By innovating across the board, J.P. Morgan Payments is able to offer treasurers a platform solution that integrates cash management, FX risk management and trade financing flows. Patel offers an example of how such versatile support is helping a multinational client in the consumer goods sector expand across Southeast Asia.
“It has enabled the client to build a foundation to scale efficiently as they enter other markets,” explains Patel.

J.P. Morgan Payments also offers various solutions to retail corporations serving the Australian market, including providing them with payment terminals[8] and real-time payment processing capabilities through the country's New Payments Platform (NPP) and Electronic Funds Transfer at Point of Sale (EFTPOS) networks.[9] This allows retailers to directly connect to payments networks, get paid quickly and enjoy the efficiencies of bundled services, such as transaction processing, cash management and lending, from a single bank.[10]
There are other developments and innovations around the corner with the potential to further transform the treasury landscape in the coming months and years.

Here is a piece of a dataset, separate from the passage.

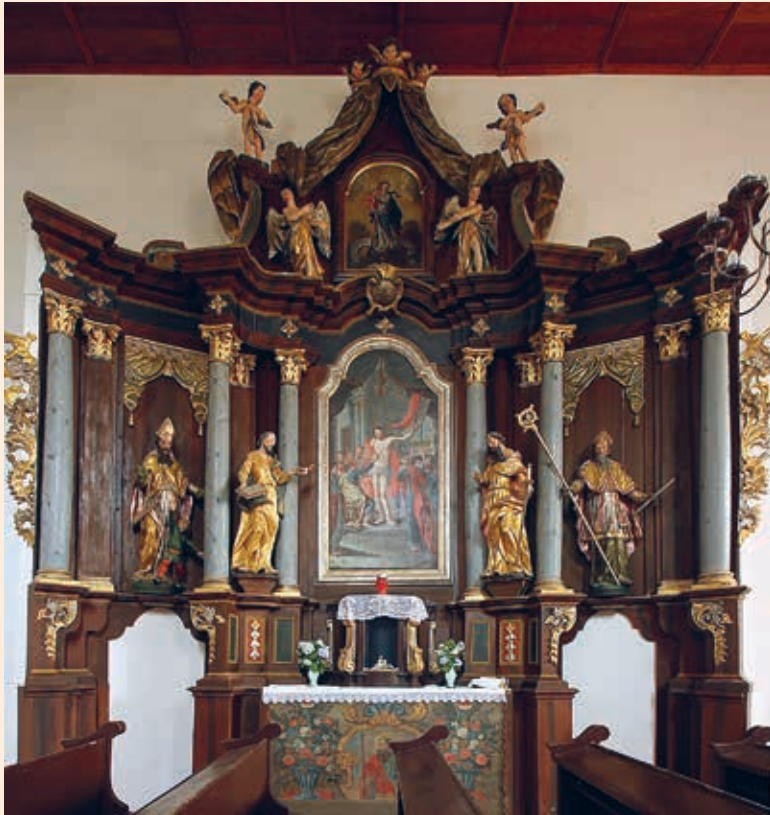
Tomaš, kapela sv. Tome, glavni oltar, sredina 18. stoljeća

samostalni istraživač, Križevci Independent researcher, Križevci zdenkobalog3@gmail.com

These include the growing adoption of digital currencies and the inexorable shift toward real-time payments, which will be accompanied by the need for real-time reconciliation and enhanced visibility across the value chain.
As companies across Asia Pacific navigate a challenging business environment while identifying and capitalizing on strategic growth opportunities around the world, a certain agility and nimbleness are crucial, according to Patel. Success will be determined by their ability to leverage technology not only to enhance operational efficiencies, but also to build and maintain strong relationships in the markets where clients operate.
Playing a pivotal role in this process will be the corporate treasury, as it digitally transforms operations to become more efficient and better aligned to the organizational goal of smart, strategic and sustainable growth.
“Successful clients focus on optimizing operations, proactively managing risk and aligning financial strategies with broader corporate objectives. We’ve seen the greatest success where treasury functions are tightly integrated with company-wide goals,” says Patel. “When that alignment is strong, particularly around growth strategies like geographic expansion, market entry and overall footprint planning, the odds of success are significantly higher.”